DATASET CONTENT Start Marker
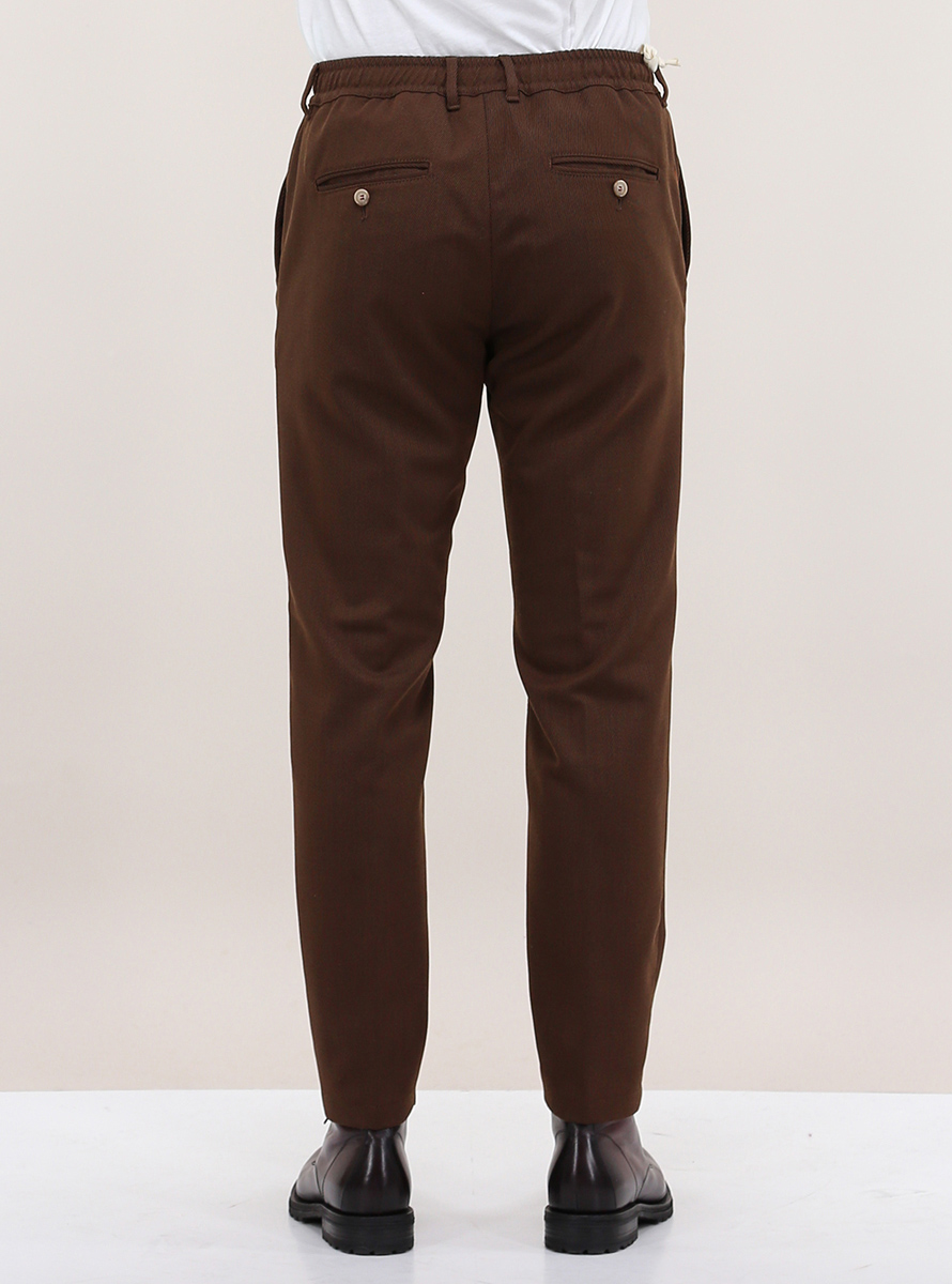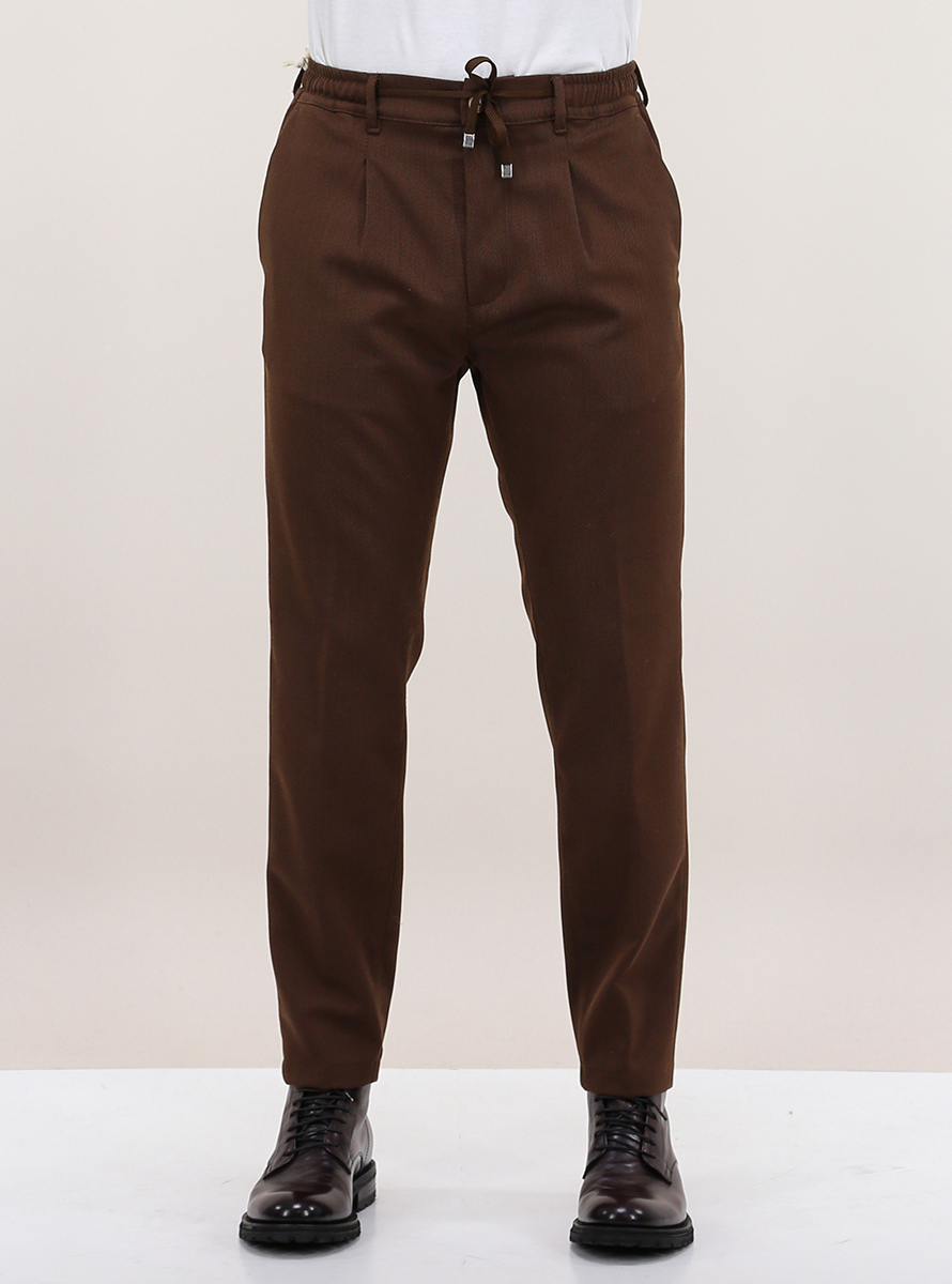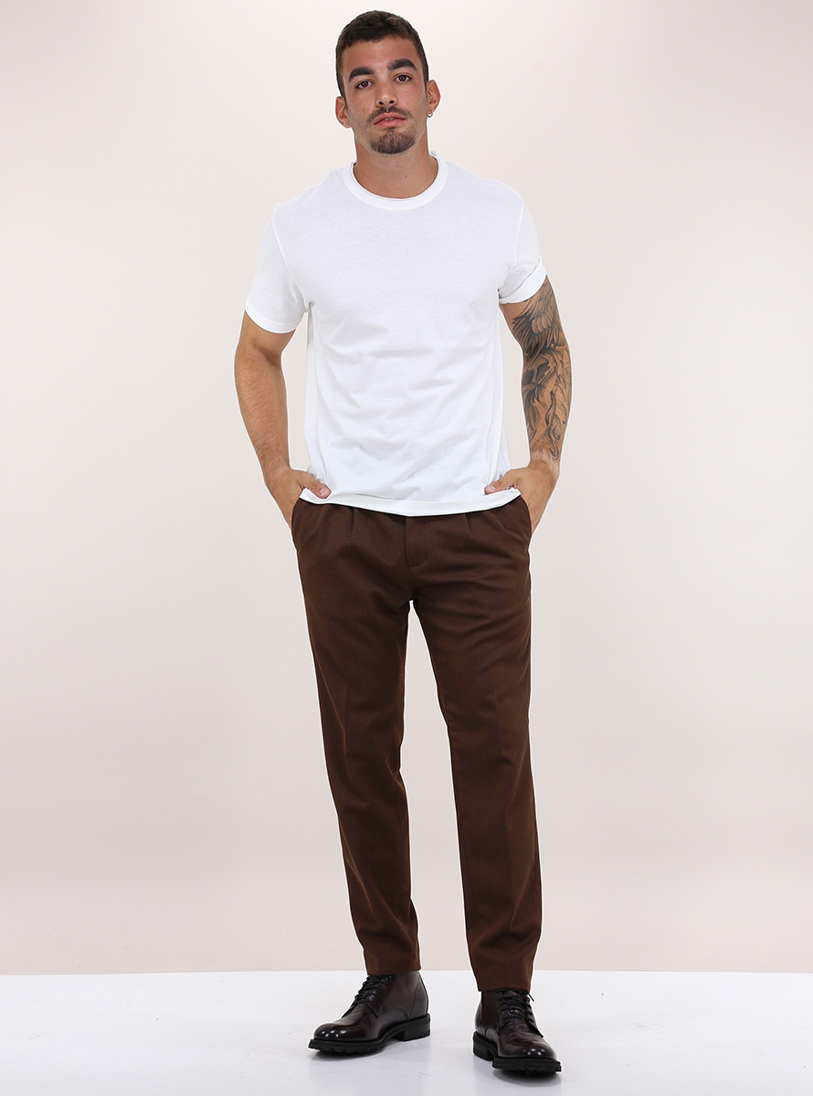 Pantalone Cruna in misto lana stretch mille righe. Tasche all'americana e a filetto sul retro. Coulisse in vita e pince frontali. Il modello è alto 1,80 e indossa la taglia 48.
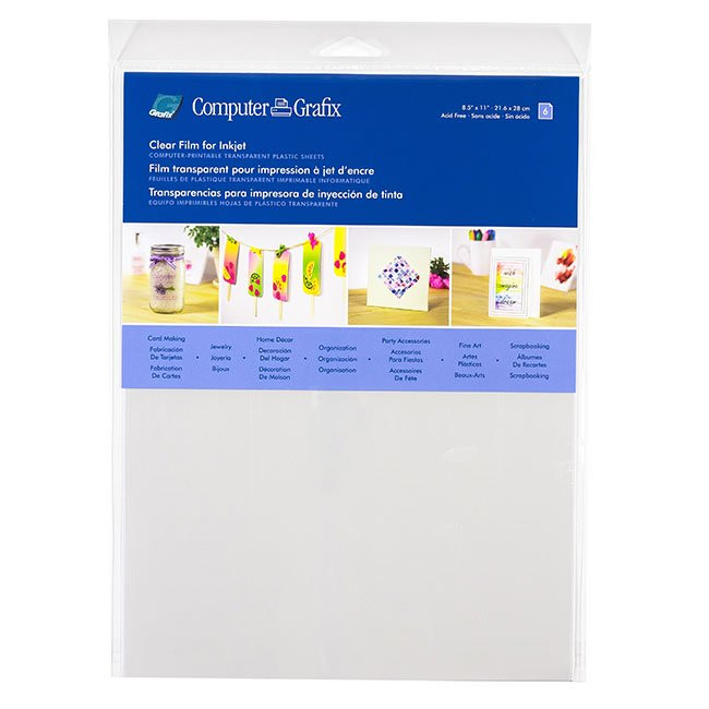 Print vibrant images and crisp text on Computer Grafix blank transparencies. These computer printable films make designing your scrapbook pages and paper crafts more creative than ever! Films are acid free and safe for archival safety. Computer Grafix films can be run through Inkjet or Laser printers/copiers to create unique designs right from your own computer. Print custom overlays, journaling, window effects, stickers, photos and even jewelry.
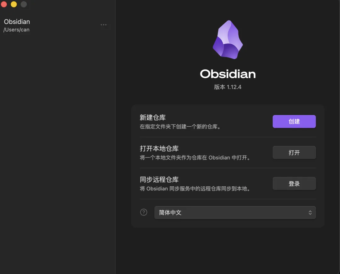 大家可以先打开 Obsidian,建立一个仓库,其实就是选择一下你准备把自己的笔记放在哪个文件夹。
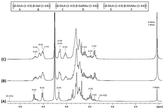 Figure 3. 1H NMR spectra of chondbiuronan (A) and chondroitin obtained using 0.5% (B) and 2% (C) arabinose induction. Inset: chemical structure of the polysaccharides.
DATASET CONTENT End Marker
> _TASK DESCRIPTION_
Word-for-word transcript, pictures excluded: copy all the material above.

> _ANSWER BOX_
 Pantalone Cruna in misto lana stretch mille righe. Tasche all'americana e a filetto sul retro. Coulisse in vita e pince frontali. Il modello è alto 1,80 e indossa la taglia 48.
 Print vibrant images and crisp text on Computer Grafix blank transparencies. These computer printable films make designing your scrapbook pages and paper crafts more creative than ever! Films are acid free and safe for archival safety. Computer Grafix films can be run through Inkjet or Laser printers/copiers to create unique designs right from your own computer. Print custom overlays, journaling, window effects, stickers, photos and even jewelry.
 大家可以先打开 Obsidian,建立一个仓库,其实就是选择一下你准备把自己的笔记放在哪个文件夹。
 Figure 3. 1H NMR spectra of chondbiuronan (A) and chondroitin obtained using 0.5% (B) and 2% (C) arabinose induction. Inset: chemical structure of the polysaccharides.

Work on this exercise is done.